WORK TO BE COMPLETED
Write out, from the entries below, exactly the lines that run between the lines holding "Kara Sheep primary" and "전체적으로 심플하게 다듬은", inclusive, and stop there.

EXTRACTED ENTRIES
--------------------
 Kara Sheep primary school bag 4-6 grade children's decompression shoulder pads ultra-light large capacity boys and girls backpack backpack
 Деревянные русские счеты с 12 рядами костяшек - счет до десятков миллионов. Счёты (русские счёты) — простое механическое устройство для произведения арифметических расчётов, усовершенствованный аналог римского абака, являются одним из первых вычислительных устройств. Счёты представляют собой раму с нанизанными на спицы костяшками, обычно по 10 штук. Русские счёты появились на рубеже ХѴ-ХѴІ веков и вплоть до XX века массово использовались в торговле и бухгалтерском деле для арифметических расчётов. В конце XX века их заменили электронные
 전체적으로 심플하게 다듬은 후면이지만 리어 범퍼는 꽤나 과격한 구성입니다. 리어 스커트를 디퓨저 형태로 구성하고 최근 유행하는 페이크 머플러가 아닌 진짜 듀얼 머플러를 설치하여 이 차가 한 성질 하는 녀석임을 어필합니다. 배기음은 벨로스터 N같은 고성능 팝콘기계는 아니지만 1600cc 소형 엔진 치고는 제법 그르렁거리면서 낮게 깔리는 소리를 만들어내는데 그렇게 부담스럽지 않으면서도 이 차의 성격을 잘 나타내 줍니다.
--------------------
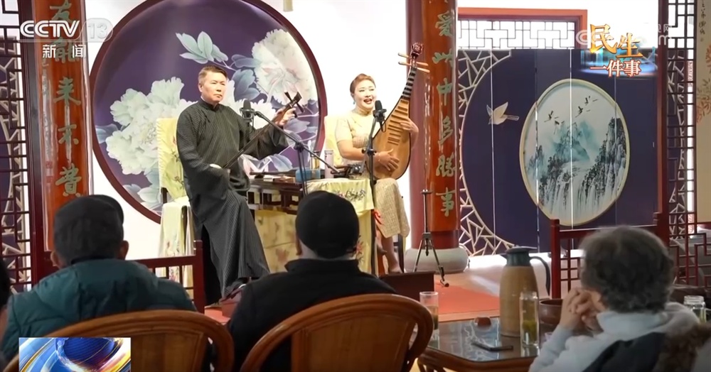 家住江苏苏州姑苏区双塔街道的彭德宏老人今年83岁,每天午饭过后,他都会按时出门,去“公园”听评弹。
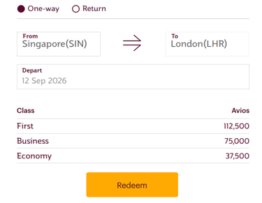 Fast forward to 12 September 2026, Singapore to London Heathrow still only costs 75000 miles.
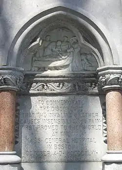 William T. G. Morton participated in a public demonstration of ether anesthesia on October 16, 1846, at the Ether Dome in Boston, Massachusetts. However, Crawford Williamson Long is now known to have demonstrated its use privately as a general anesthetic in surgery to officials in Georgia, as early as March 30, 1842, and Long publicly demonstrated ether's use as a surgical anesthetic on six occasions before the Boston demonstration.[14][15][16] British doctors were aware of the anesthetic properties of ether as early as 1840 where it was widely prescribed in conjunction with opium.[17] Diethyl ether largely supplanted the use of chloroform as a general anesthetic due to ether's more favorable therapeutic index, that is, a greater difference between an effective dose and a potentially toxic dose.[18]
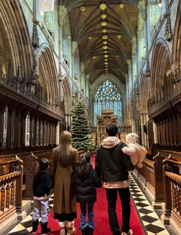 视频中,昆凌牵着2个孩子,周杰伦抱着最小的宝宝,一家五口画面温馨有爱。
--------------------
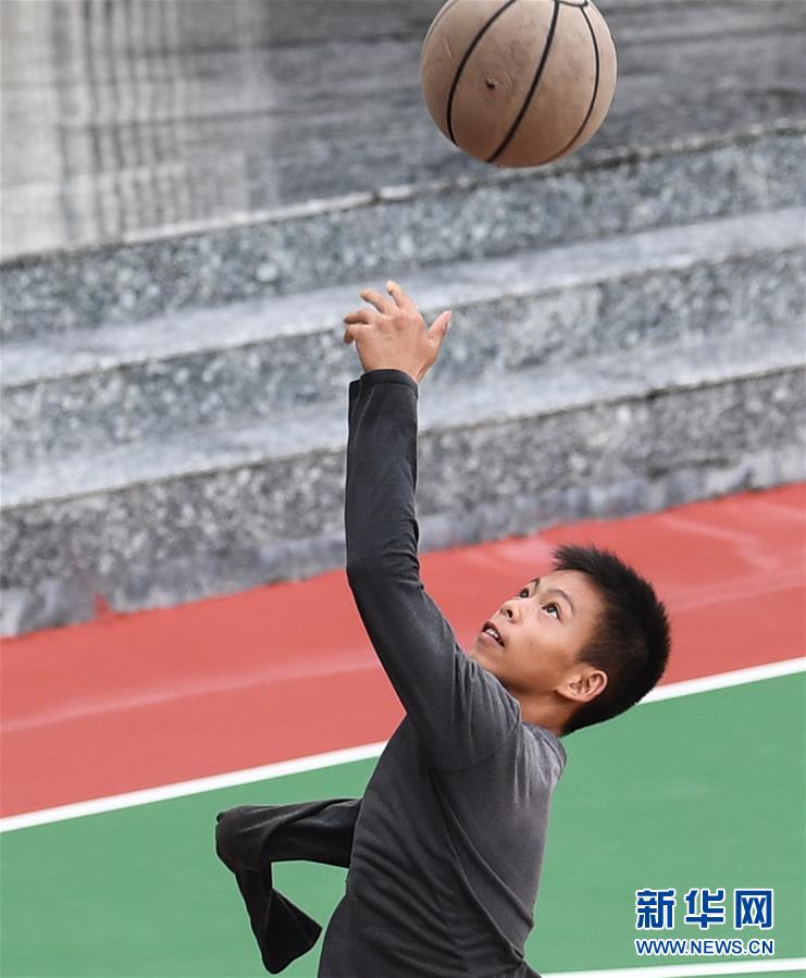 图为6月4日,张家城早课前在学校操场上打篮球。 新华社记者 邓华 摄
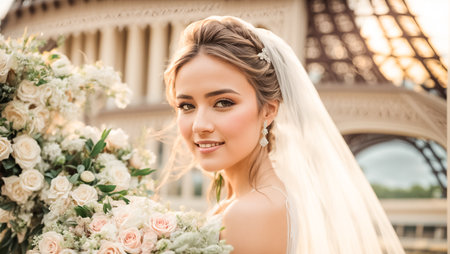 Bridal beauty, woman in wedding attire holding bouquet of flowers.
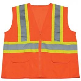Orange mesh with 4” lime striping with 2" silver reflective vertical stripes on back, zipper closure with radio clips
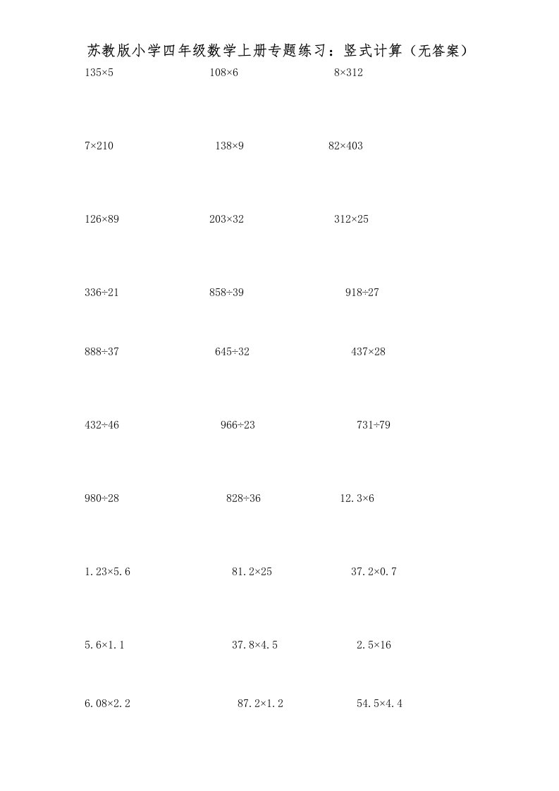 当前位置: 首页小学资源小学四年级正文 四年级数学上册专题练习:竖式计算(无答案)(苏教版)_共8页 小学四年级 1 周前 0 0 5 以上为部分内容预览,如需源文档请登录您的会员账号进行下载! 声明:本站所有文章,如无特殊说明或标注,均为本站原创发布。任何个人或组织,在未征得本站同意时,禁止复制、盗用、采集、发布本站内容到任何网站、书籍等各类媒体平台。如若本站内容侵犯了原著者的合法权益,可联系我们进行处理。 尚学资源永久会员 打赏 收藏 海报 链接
--------------------
WRITTEN ANSWER
 Kara Sheep primary school bag 4-6 grade children's decompression shoulder pads ultra-light large capacity boys and girls backpack backpack
 Деревянные русские счеты с 12 рядами костяшек - счет до десятков миллионов. Счёты (русские счёты) — простое механическое устройство для произведения арифметических расчётов, усовершенствованный аналог римского абака, являются одним из первых вычислительных устройств. Счёты представляют собой раму с нанизанными на спицы костяшками, обычно по 10 штук. Русские счёты появились на рубеже ХѴ-ХѴІ веков и вплоть до XX века массово использовались в торговле и бухгалтерском деле для арифметических расчётов. В конце XX века их заменили электронные
 전체적으로 심플하게 다듬은 후면이지만 리어 범퍼는 꽤나 과격한 구성입니다. 리어 스커트를 디퓨저 형태로 구성하고 최근 유행하는 페이크 머플러가 아닌 진짜 듀얼 머플러를 설치하여 이 차가 한 성질 하는 녀석임을 어필합니다. 배기음은 벨로스터 N같은 고성능 팝콘기계는 아니지만 1600cc 소형 엔진 치고는 제법 그르렁거리면서 낮게 깔리는 소리를 만들어내는데 그렇게 부담스럽지 않으면서도 이 차의 성격을 잘 나타내 줍니다.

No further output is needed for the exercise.